To this end, Mixture-of-Experts (MoE) [29] introduces a sparse structure, within which only part of the parameters is activated. Instead of interacting with all parameters in dense models, MoE models allow each input to interact with only a few experts. For example, the Mixtral-8x7B model [12] comprises 45 billion parameters in total, while only 14 billion parameters are active during runtime. Nowadays, MoE has emerged as a key architecture for scaling models to trillion-plus parameters.

近期大型语言模型的进展彻底变革了多个领域,包括自然语言处理[36, 35]、计算机视觉[16]和多模态感知[14, 3]。这些成就表明,扩大模型规模能够显著增强模型容量。然而,模型参数的增长给这些巨型模型的部署带来了巨大挑战,因为计算资源日益成为模型容量的限制因素[28]。

为此,专家混合(MoE)[29]引入了一种稀疏结构,在这种结构中,只有部分参数被激活。与密集模型中所有参数都相互作用不同,MoE 模型允许每个输入仅与少数专家相互作用。例如,Mixtral-8x7B 模型[12]总共包含 450 亿个参数,但在运行时只有 140 亿个参数处于活跃状态。如今,MoE 已成为将模型扩展到万亿参数以上的关键架构。

The increase in parameter size in MoE models allows for the integration of greater amounts of information, but it poses challenges in expert placement. A typical approach is to distribute the experts across different GPUs as a single GPU cannot store all experts [13]. Consequently, during the execution of MoE layers, there is an intensive need for data exchange among GPUs.
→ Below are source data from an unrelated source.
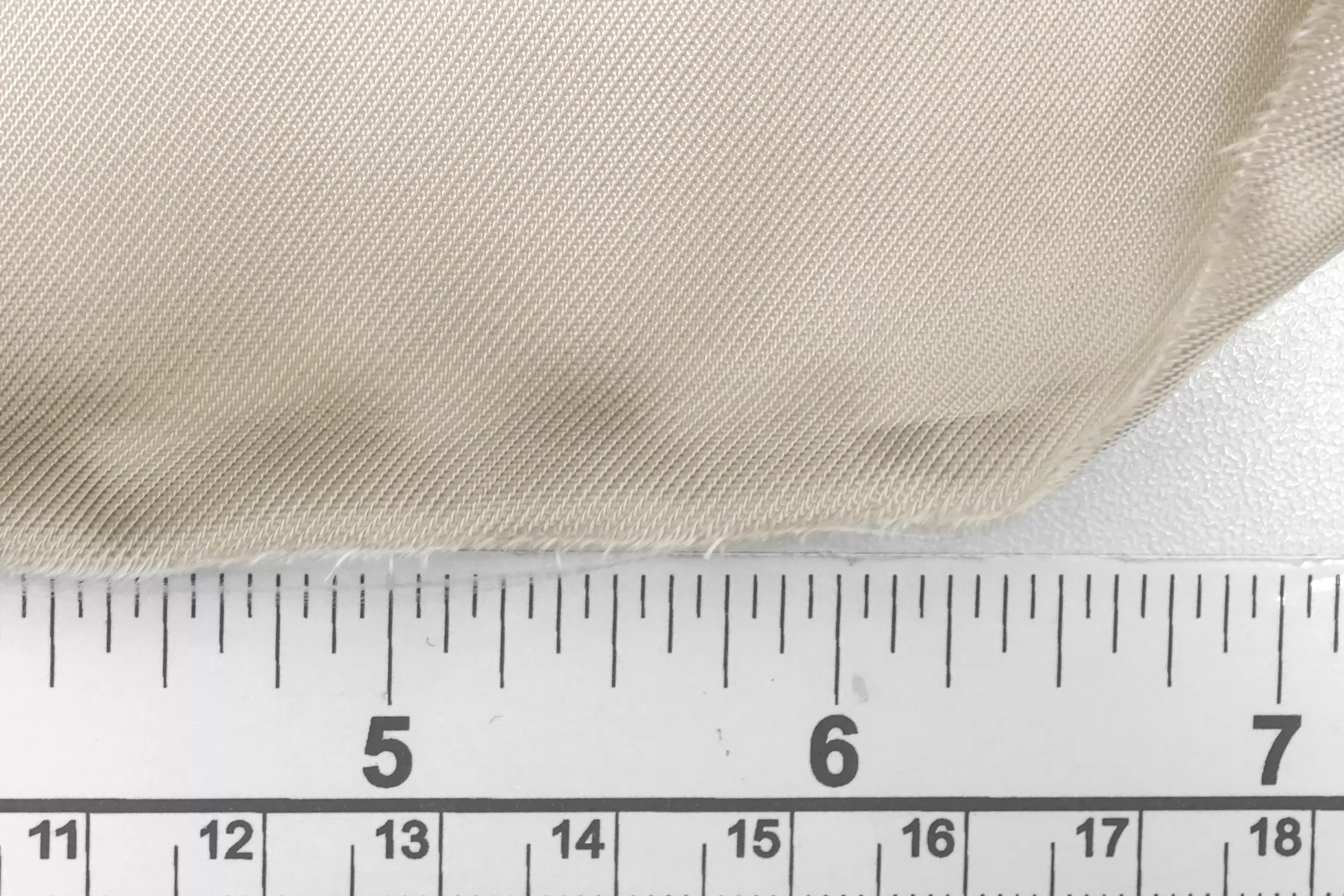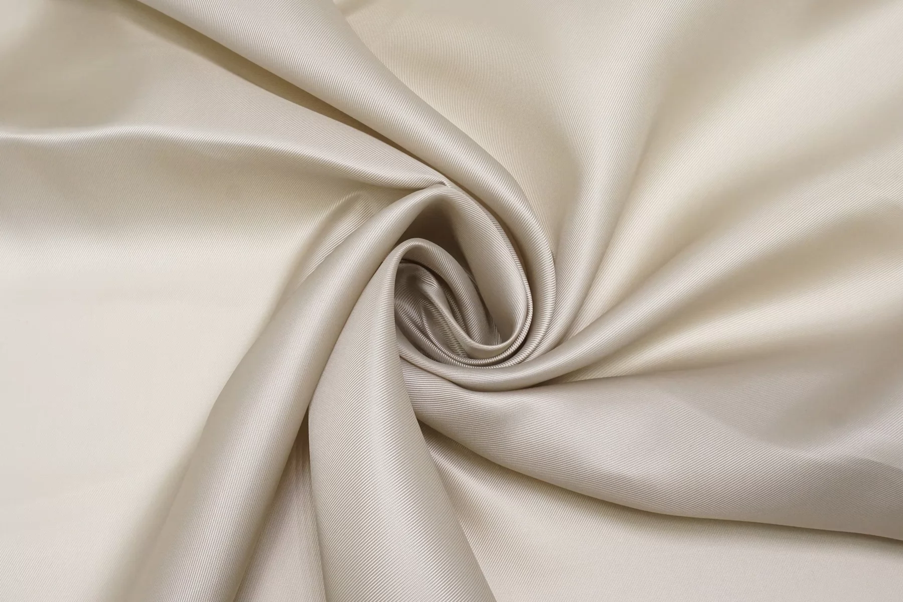 Подкладочная вискоза очень светлого бежевого цвета, диагональное плетение. Гладкая, тонкая, обладает красивым лоском. Не тянется. Мнется. Подойдет как подкладочный материал к костюмной группе, демисезонным пальто, курткам. Обязательно учитывайте возможную усадку 5-10%
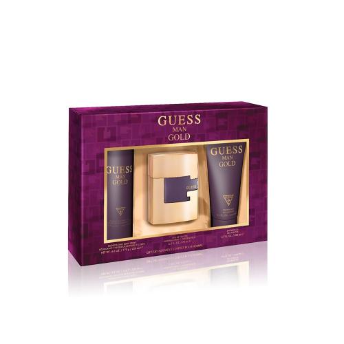 Guess Gold 3 Pcs Set For Men: 2.5 Eau De Toilette Spray + 6.7 Shower Gel + 6 Oz Deodorizing Body Spray (Window Box)
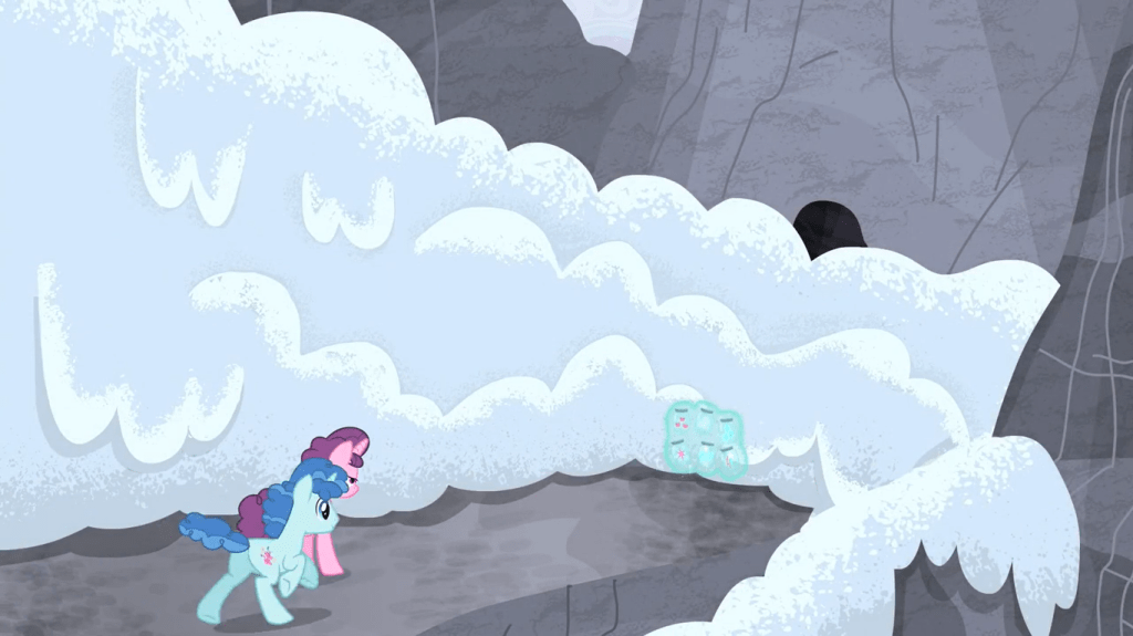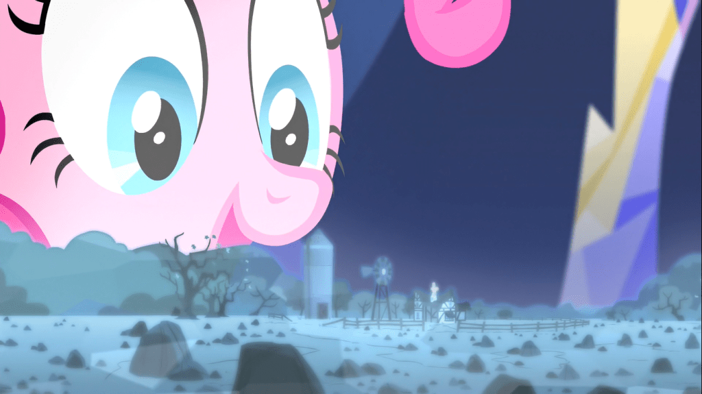 The others in the room give Pinkie Pie a look of surprise (shown above) in response to this line. Pinkie Pie sounded a lot like Maud Pie both in literal-mindedness and intonation, and with her characteristic lighthearted joy washed away from her, she’s not so different from her sister after all. It sort of reminds me of that one timeline in The Cutie Re-Mark where Pinkie and Maud Pie drilled apart a rock together, both with serious expressions.
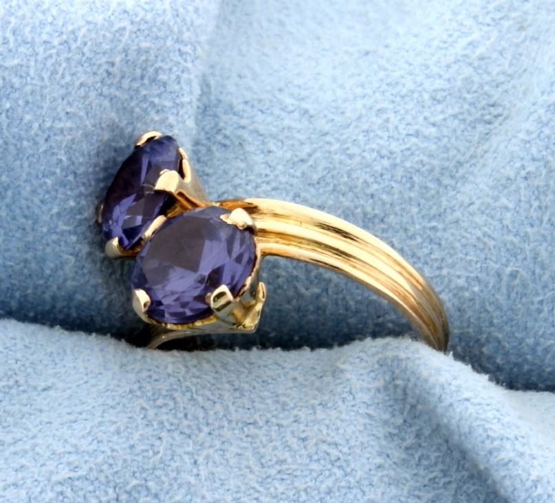 In 14K yellow gold there are two 8mm round blue spinel gemstones with deep blue color. Size 7 3.4g
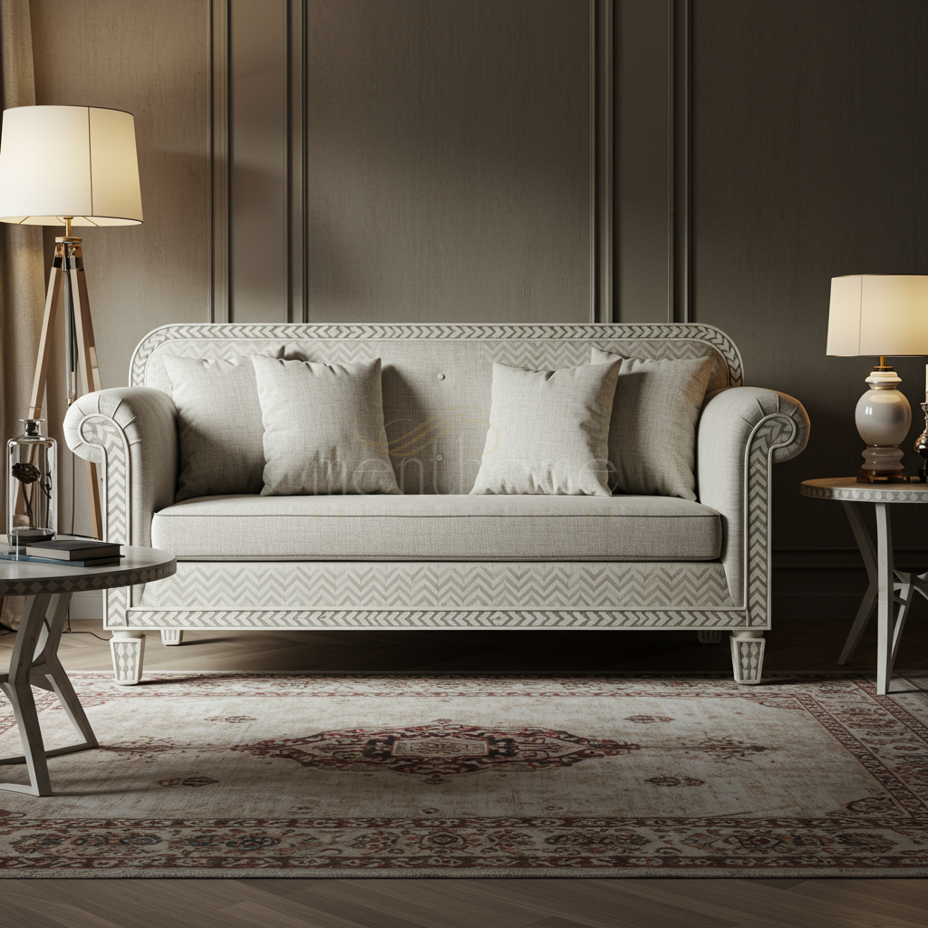 This exquisite inlay sofa features a refined, intricate chevron pattern embellishing its frame and arms, paired with plush, neutral-toned cushions for supreme comfort and style. Perfectly suited for sophisticated living rooms, it blends traditional craftsmanship with modern elegance.
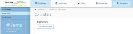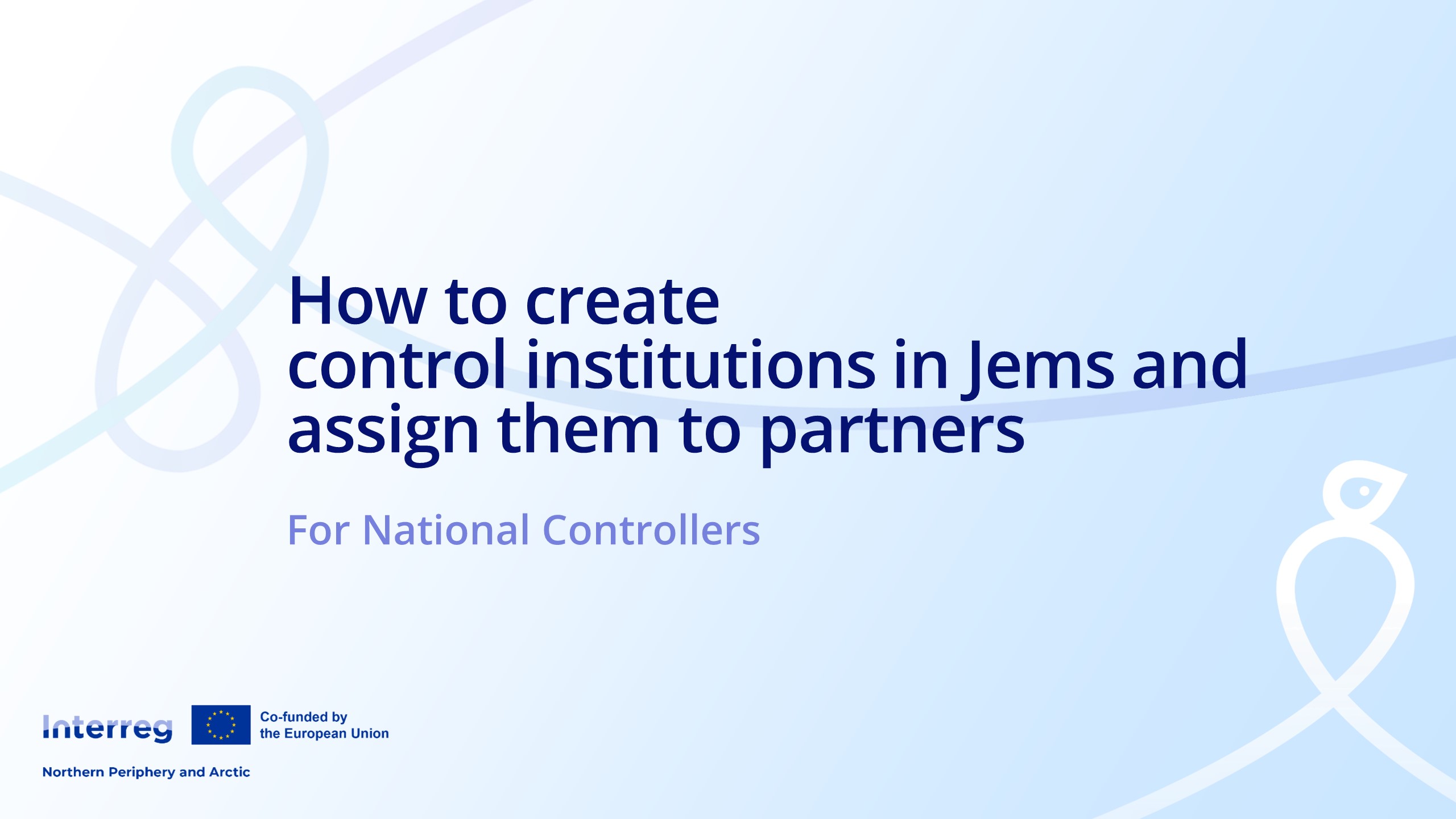 Watch this short tutorial about how to create a Control Institution in Jems, add controllers and then assign it to a project partner. or follow the detailed steps further down.
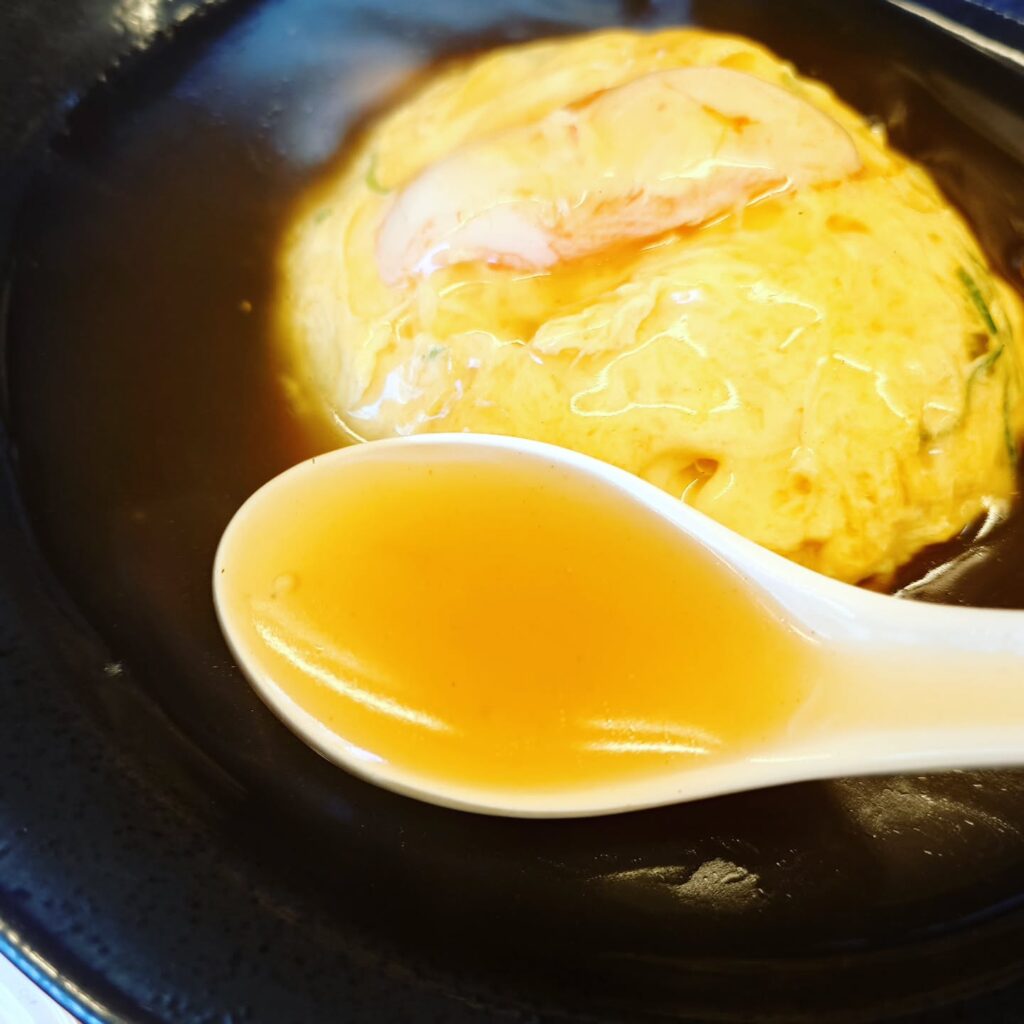 天津チャーハンの皿が平べったく白いのに対し、天津飯は黒いドンブリ。
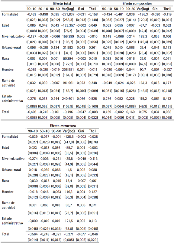 El objetivo de este estudio es vincular cuantitativamente los cambios de la distribución de los ingresos salariales con la evolución observada de distintas variables del mercado laboral brasileño. Aunque la meta primordial del trabajo es dilucidar la contribución del proceso de formalización experimentado durante toda la década, esta se debe analizar junto con otros factores relacionados. Para realizar este análisis conjunto y poder establecer la contribución de cada factor, se presenta una serie de ejercicios de descomposiciones econométricas a partir de microdatos. Si bien este tipo de metodologías se basa en un enfoque de equilibrio parcial, permiten una caracterización del cambio distributivo en dos momentos del tiempo en función de los cambios de distintos factores y características. Los ejercicios de descomposición considerados se basan en la combinación de técnicas de reponderación junto con estimaciones de modelos de función de influencia recentrada (RIF). La ventaja de estos métodos reside en que ofrecen una alternativa flexible a los modelos paramétricos de salarios en los que se basan las descomposiciones realizadas con otras metodologías, como las de Oaxaca-Blinder (Firpo et al., 2011).
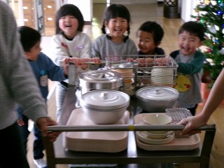 今日の給食はお星さまのかたちの煮込みハンバーグでした。みんなは今日もおいしそうに食べていました。給食後のみんなの様子をお伝えします。 給食後、いつもこうして給食室へ先生と一緒にワゴンを運びます …
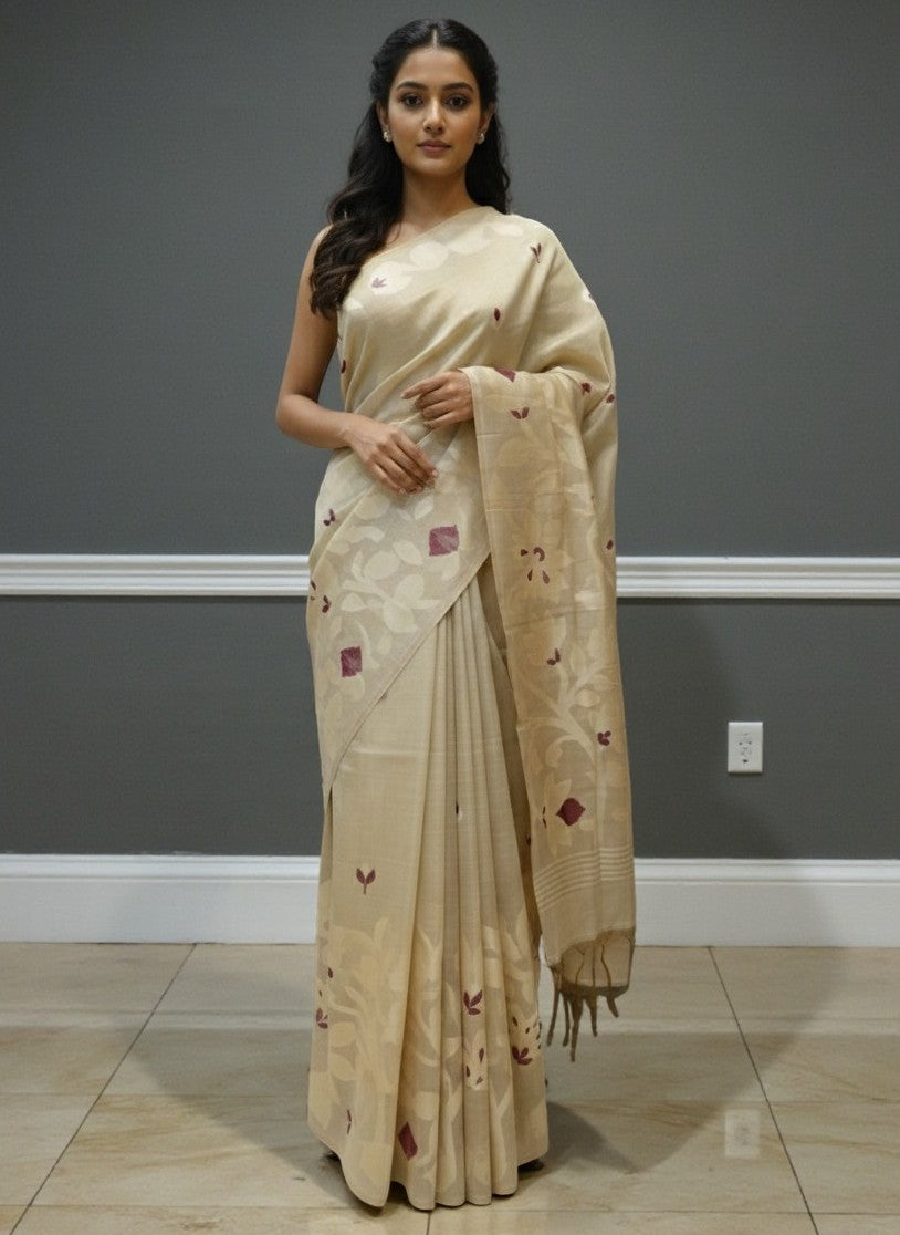 Pure Linen Saree with Floral Jaal Work & Checks Weave

In the forward pass of several popular MoE models, the communication among devices accounts for 47% of the total execution time on average, as shown in Figure 1(a).

In a distributed environment, executing an MoE layer involves data reception, expert computation, and data transmission, as depicted in in Figure 1(b). To reduce communication overhead, one effective strategy is to pipeline the process, overlapping communication with expert computation  [10, 8, 31, 32]. This approach involves partitioning input data into smaller data chunks, allowing decomposed communication and computation phases to overlap. In the example in Figure 1(b), the received input data is divided into two chunks, and this coarse-grained overlapping reduces the overall execution time relative to non-pipelined execution.

MoE 模型中参数规模的增加允许整合更多的信息,但这也给专家的布局带来了挑战。一种典型的方法是将专家分布在不同的 GPU 上,因为单个 GPU 无法存储所有专家[13]。因此,在执行 MoE 层期间,GPU 之间存在大量的数据交换需求。在几个流行的 MoE 模型的前向传播过程中,设备之间的通信平均占总执行时间的 47%,如图 1(a)所示。

在分布式环境中,执行一个 MoE 层涉及数据接收、专家计算和数据传输,如图 1(b)所示。为了减少通信开销,一种有效的策略是流水线处理,使通信与专家计算重叠[10, 8, 31, 32]。这种方法涉及将输入数据分割成较小的数据块,使分解的通信和计算阶段能够重叠。在图 1(b)中的示例中,接收到的输入数据被分为两块,这种粗粒度的重叠相对于非流水线执行减少了总体执行时间。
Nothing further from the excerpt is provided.